In April 1918 the German Army launched the Spring Offensive. Sanders was now attached to the 1/6th Battalion, West Yorkshire Regiment who were positioned at Mount Kemmel. Heavy fighting ensued and acting Captain Sanders was awarded the Military Cross, the award of which was posted in the London Gazette on 13 September 1918. The citation stated:

For conspicuous gallantry and devotion to duty. After the enemy had penetrated the front line, he promptly organised his men in support and effectually held up the enemy for some time, inflicting heavy casualties. He stood on top of a "pill-box" firing his revolver into the enemy at 20 yards. His splendid example of courage did much to inspire his men at a critical time.

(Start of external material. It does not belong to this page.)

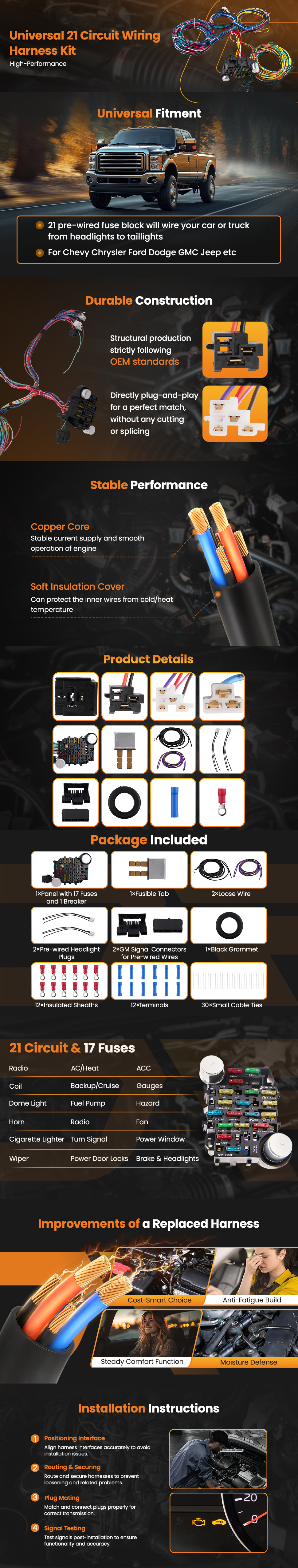 * 21 Circuits 17 Fuses Wiring Harness Kit

He was taken prisoner of war (POW) on 25 April and listed as wounded and missing with injuries to both his right arm and leg, last seen carrying his revolver in his left hand. Sanders was interned at the Limburg POW camp. In July he managed to get a letter to his father telling of his capture and captivity. On 26 December Captain Sanders was sent back to England, and he was discharged in March 1919.

==Later life==
After the war in June 1920 he attended a victory party and a Victory Cross reunion dinner on the tenth anniversary of the end of the war in November 1929, both at Buckingham Palace.

Sanders unveiled the Leeds Rifles War Memorial at Leeds Minster on Remembrance Sunday 1921.

George Sanders VC MC died in Leeds on 4 April 1950 aged 55. His funeral was held at the Cottingley Crematorium in the city.

==Medals==
His medal group, including his VC and MC, were sold at auction in 2017 for £240,000. It is reported that they were bought by Lord Ashcroft and will be placed on display at the Imperial War Museum.